An answer such as vigorous exercise or meditation or going to a meeting will never be as universally attractive to someone a few weeks sober as “well, here, why don’t you toke this?”

I was fascinated by this article in The Guardian. It concerns a Southern California treatment facility that has integrated pot use into its therapy program.

I’m skeptical, for a couple reasons. First, most heavy opioid users arrive in treatment with extensive histories of marijuana use. It shows up right away in the assessment. Yet despite their pot use, they’ve continued using Oxy, heroin, cocaine, alcohol, benzos, what have you. Why hasn’t the pot they’ve been smoking been sufficient to replace opioids and the other drugs?

Second, I’m not aware of a direct relationship in brain function or chemistry between cannabis and drugs such as the opioids or cocaine. Why would smoking pot suppress opioid craving better than, say,  Valium or alcohol?  Which by the way, in my experience, some opioid users consume in quantity.

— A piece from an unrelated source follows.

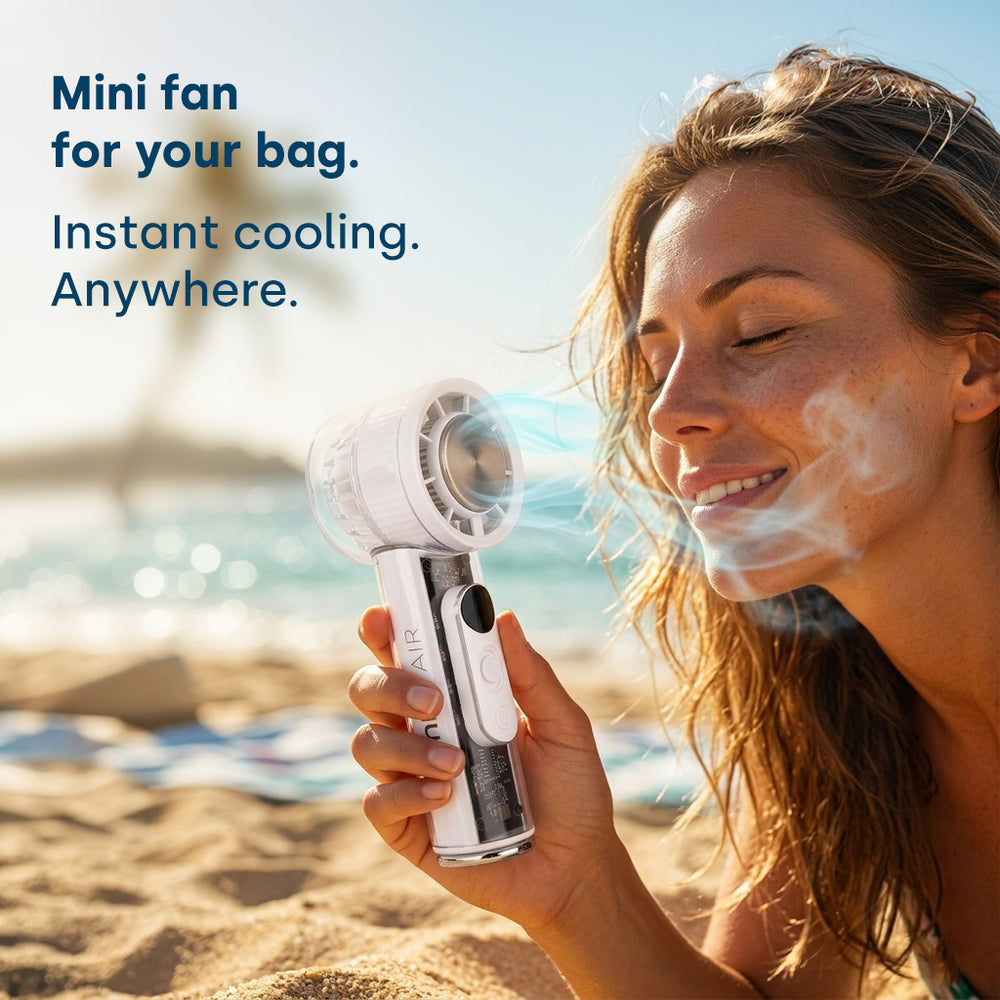 • Pratico mini ventilatore per viaggi, ufficio e tempo libero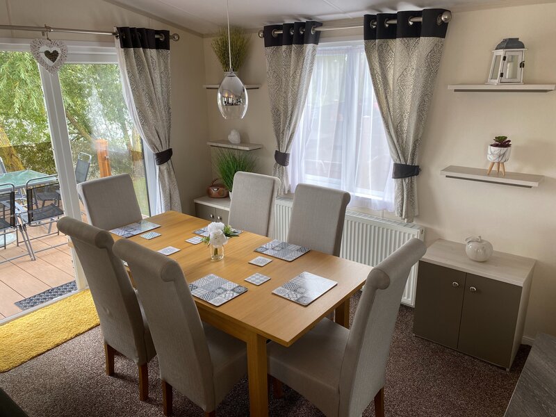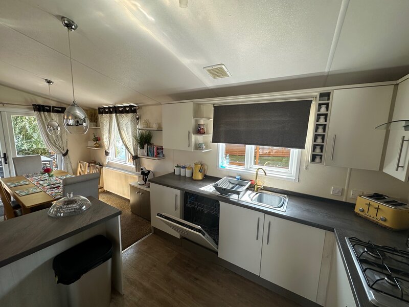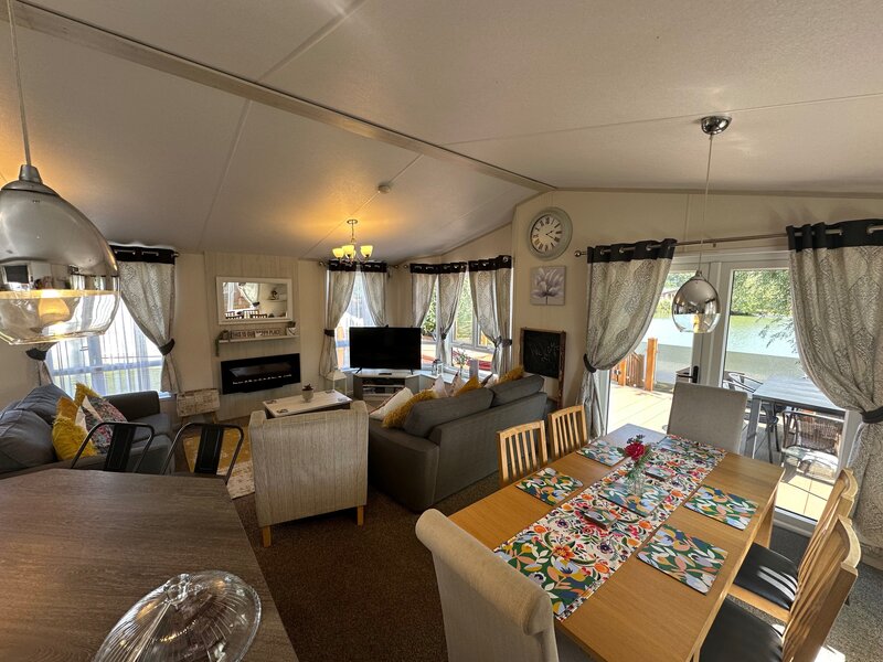 The lodge is open plan living area with fully equipped kitchen, table and 6 chairs, breakfast bar with 2 seats, full size fridge and freezer , cooker and grill, along with dishwasher, the living area has two large sofas one being a sofa bed and one arm chair with a floor space of 40ft x 20ft, smart tv and unit with games console along with a wall mounted fire place, off the hallway there is three bedrooms with TV in all rooms, 2 family bathrooms with a bath and showers plus an additional utility with washing machine extra toilet and W.C

So my guess is, it’s not really about the pot itself. The value would be secondary to two other factors: readiness and setting.

In  this context, readiness refers to the attitudes, beliefs, and commitment that the patient brings to treatment. Setting refers to the social and physical environment in which treatment occurs– particularly the active support of others.

When someone reaches a tipping point where they acknowledge the need for professional help, and then makes a commitment to get that help, it signals an interruption in denial and a significant increase in motivation for change. Granted, it’s a first step, but one psychologists consider essential to early recovery. Treatment adds a controlled, recovery-positive environment, dedicated to providing structure and support. And if you’re willing to pay $42,500 a month for it– well, that’s one heck of a commitment.

It has been suggested by research that the methods used in treatment matter far less than two other considerations: The quality of the bond between patient and therapist, and the therapist’s own belief in the effectiveness of what s/he is doing. In other words, simply engaging and retaining someone in treatment in a helpful way may be more essential to outcome than therapeutic approach.

If that’s true, then what use is all that pot smoking? Well, for one thing, it satisfies the patient’s desire for a substitute. “I know I can’t use [heroin, alcohol, cocaine, etc] any more, but when I’m anxious or can’t sleep or depressed, is there something else I could take?” An answer such as vigorous exercise or meditation or going to a meeting will never be as universally attractive to someone a few weeks sober as “well, here, why don’t you toke this?”

As one colleague put it, the user is already conditioned to expect a remedy in the form of a chemical. That doesn’t mean it protects against a return to opioid use. Might even encourage it.

The program described in the article is definitely on the high side, price-wise, but if the competition prohibits pot smoking in treatment, then I imagine the availability of marijuana has significant marketing appeal for some customers. It’ll attract new business.

And that’s something I know a lot of treatment providers are on the lookout for.